From the Editor

Debu Tripathy, MD
The May issue of AJHO highlights how progress in one type of malignancy can inform another. This is especially important in rarer cancers, so called “orphan diseases,” where the body of literature and number of patients available for trials are quite low and limits the generation of definitive recommendations and the development of new drugs. The update on acute lymphocytic leukemia (ALL) by Drs Short and Jabbour highlights the developments and current base of evidence with newer therapies, in particular, the importance of targeting CD20 with rituximab. Further emphasis on the importance of this target comes from the development and approval of other anti-CD20 antibodies. This was initially witnessed by the sweeping change in the management of B-cell malignancies, starting with B-cell lymphomas, extending to chronic and acute B-cell leukemias. More recently, as described by Dr Gertz in an accompanying review on Waldenström macroglobulinemia (WM), rituximab is now being used as a part of combination therapy effectively for this disease, long marked by its inexorable progression and refractoriness to therapy. Other examples of drugs imported for use in WM from other B-cell-derived malignancies include bendamustine, approved for CLL and relapsed lymphoma, the Bruton tyrosine kinase inhibitor ibrutinib for mantle cell lymphoma and CLL, as well as bortezomib and lenalidomide approved for multiple myeloma. In fact, the approval of ibrutinib for WM would not have been possible without the information from other diseases, as the basis for its accelerated approval for WM was a phase II trial with only 63 patients. Ibrutinib is the only FDA approved drug specifically for WM (even though as pointed out in the WM review, many other standards exist), so it is likely that additional drug approvals for this disease will emanate from other cancers of similar lineage.

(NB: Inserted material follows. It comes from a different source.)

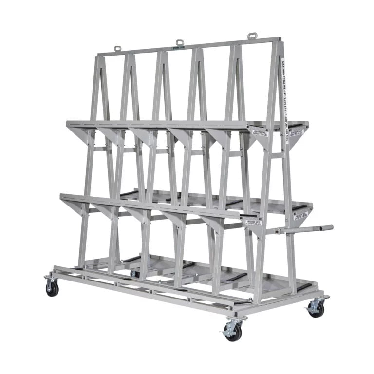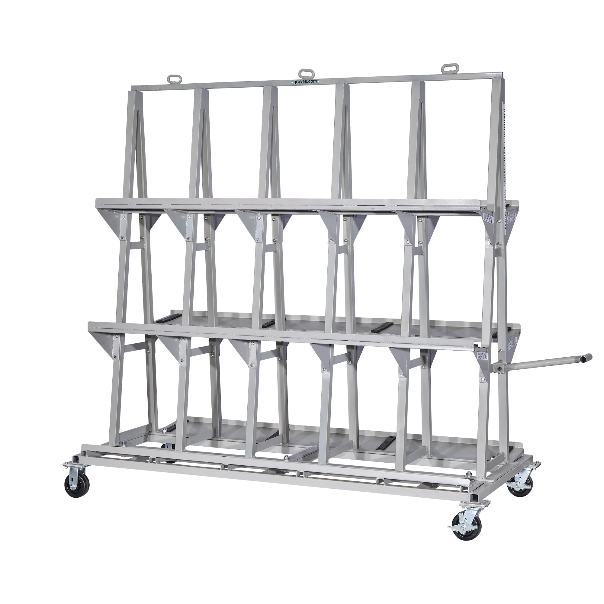 Designed specifically for handling and moving stone, Heavy Duty Backsplash Cart by Groves is rugged and built to last even in extreme shop conditions. This cart has six shelf levels to help in moving cut backsplash around the shop.

This brings us back to the review of new active drugs for ALL—other CD20 antibodies such as ofatumumab, the anti-CD19 bispecific T-cell engager blinatumomab, and the anti-CD22 antibody-drug conjugate inotuzumab ozogamicin. All these antigens are also expressed on WM. This along with drugs tested successfully for more common B-cell malignancies may hold promise for WM and also be relevant across a spectrum of these related diseases. Hopefully, these examples will be repeated for other orphan cancers—this will require the continuation of robust drug development in general with cross-communication across expertise in other cancers, dedication to continued innovation with smaller and smarter trials for rarer malignancies and special pathways through the FDA.